Segment Start: PROVIDED MATERIAL
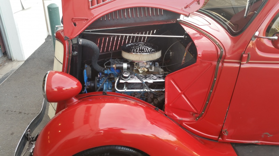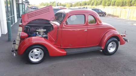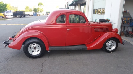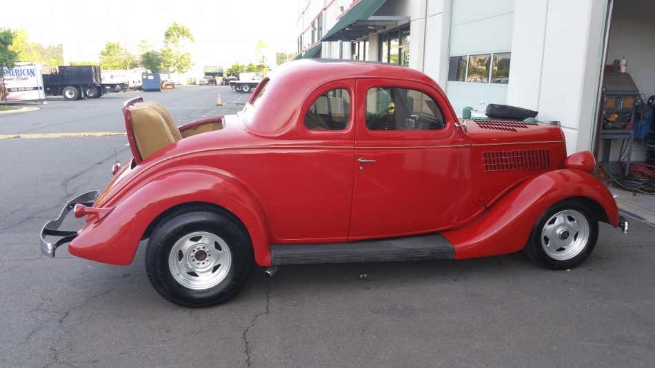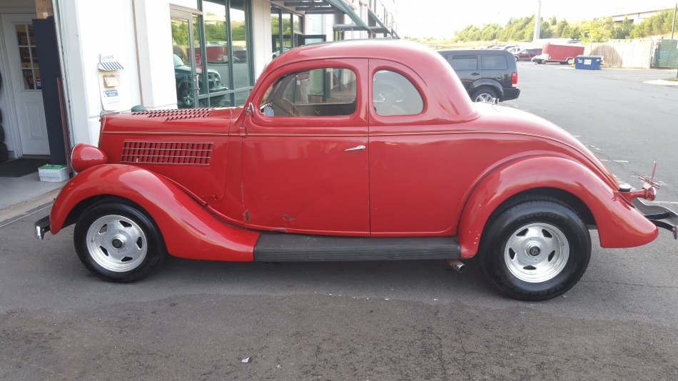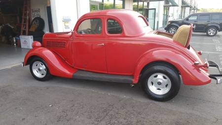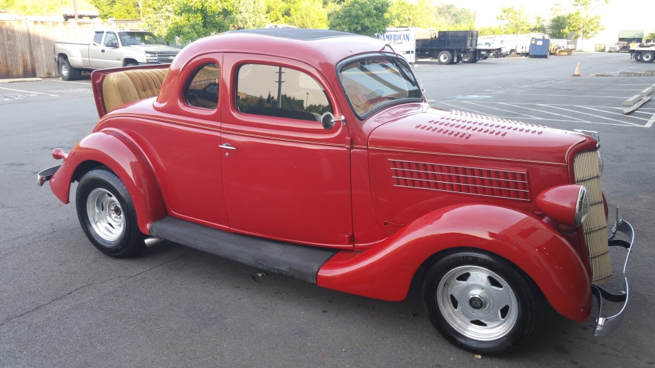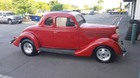 1935 Ford 2 door all steel coupe with rumble seat, washboard hood, Ford 302 V8, C-6 Automatic Transmission, and Ford 9 inch rear.
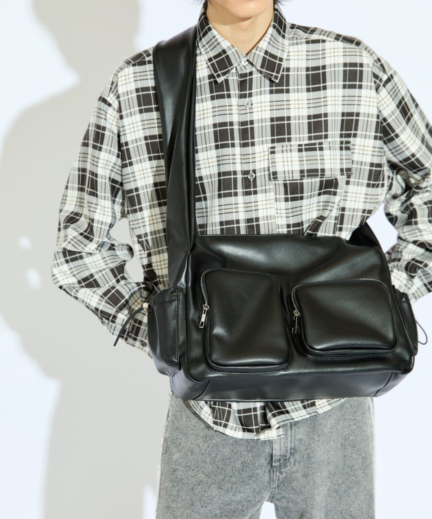 【Neucon/ニューコン】 スクエアマルチポケットショルダーバッグ
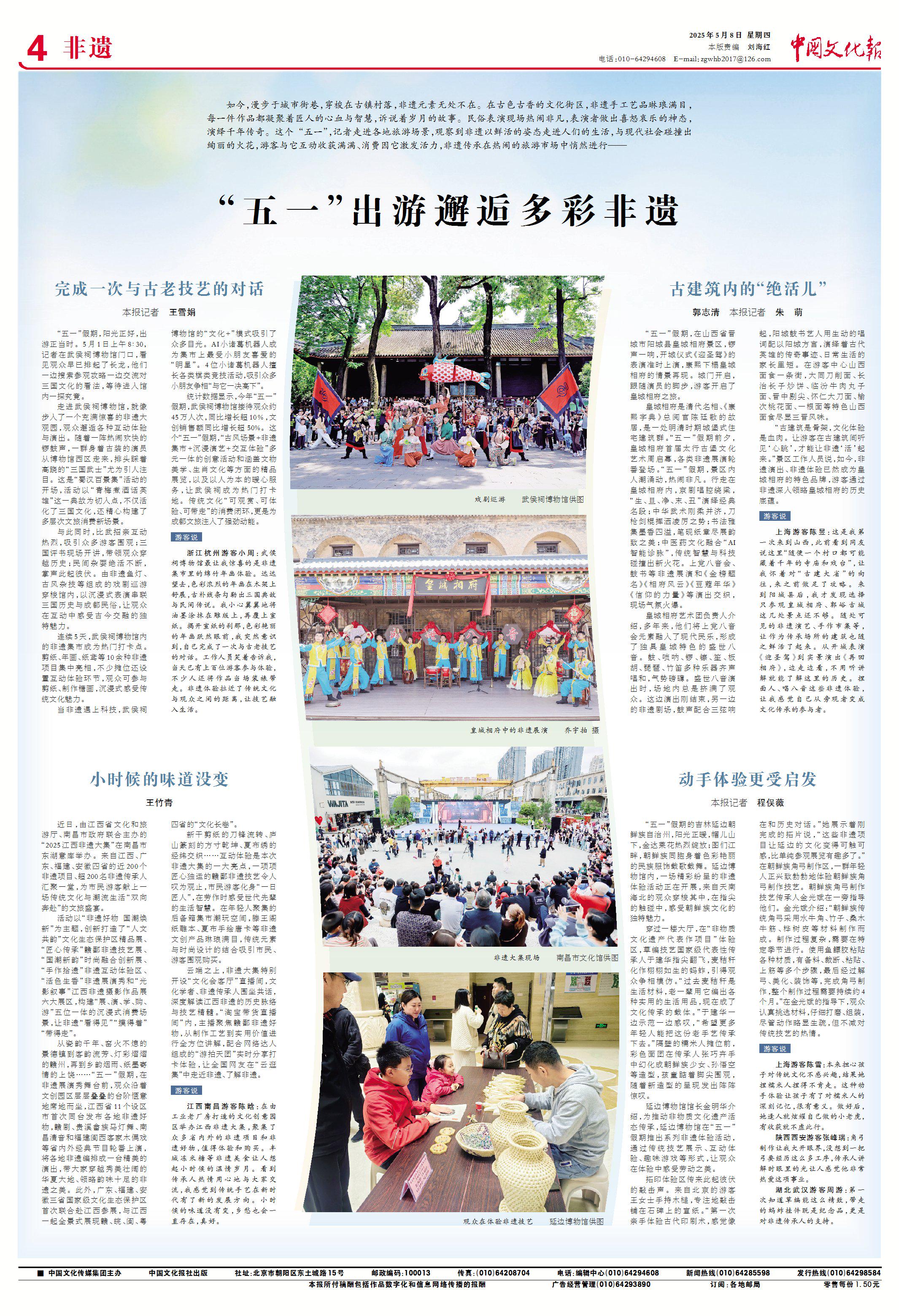 如今,漫步于城市街巷,穿梭在古镇村落,非遗元素无处不在。在古色古香的文化街区,非遗手工艺品琳琅满目,每一件作品都凝聚着匠人的心血与智慧,诉说着岁月的故事。民俗表演现场热闹非凡,表演者做出喜怒哀乐的神态,演绎千年传奇。这个 “五一”,记者走进各地旅游场景,观察到非遗以鲜活的姿态走进人们的生活,与现代社会碰撞出绚丽的火花,游客与它互动收获满满、消费因它激发活力,非遗传承在热闹的旅游市场中悄然进行——
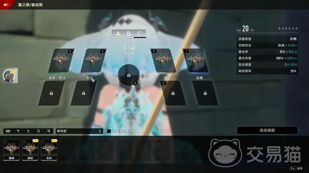武器的培养有魔之楔的设定,其实简单可以理解为武器拥有名为,可以通过镶嵌的方式,增强武器的属性,最多能镶嵌9个,品质越好,带来的属性提升效果越明显,除此之外,还能去获得对应资源对武器进行熔炼,每一次熔炼的提升效果都是非常明显的。
Segment End: PROVIDED MATERIAL
● **WHAT IS EXPECTED**: What the answer must hold: all the data above, given again exactly, without pictures.

● **ANSWER FOR THE TASK**:
 1935 Ford 2 door all steel coupe with rumble seat, washboard hood, Ford 302 V8, C-6 Automatic Transmission, and Ford 9 inch rear.
 【Neucon/ニューコン】 スクエアマルチポケットショルダーバッグ
 如今,漫步于城市街巷,穿梭在古镇村落,非遗元素无处不在。在古色古香的文化街区,非遗手工艺品琳琅满目,每一件作品都凝聚着匠人的心血与智慧,诉说着岁月的故事。民俗表演现场热闹非凡,表演者做出喜怒哀乐的神态,演绎千年传奇。这个 “五一”,记者走进各地旅游场景,观察到非遗以鲜活的姿态走进人们的生活,与现代社会碰撞出绚丽的火花,游客与它互动收获满满、消费因它激发活力,非遗传承在热闹的旅游市场中悄然进行——
武器的培养有魔之楔的设定,其实简单可以理解为武器拥有名为,可以通过镶嵌的方式,增强武器的属性,最多能镶嵌9个,品质越好,带来的属性提升效果越明显,除此之外,还能去获得对应资源对武器进行熔炼,每一次熔炼的提升效果都是非常明显的。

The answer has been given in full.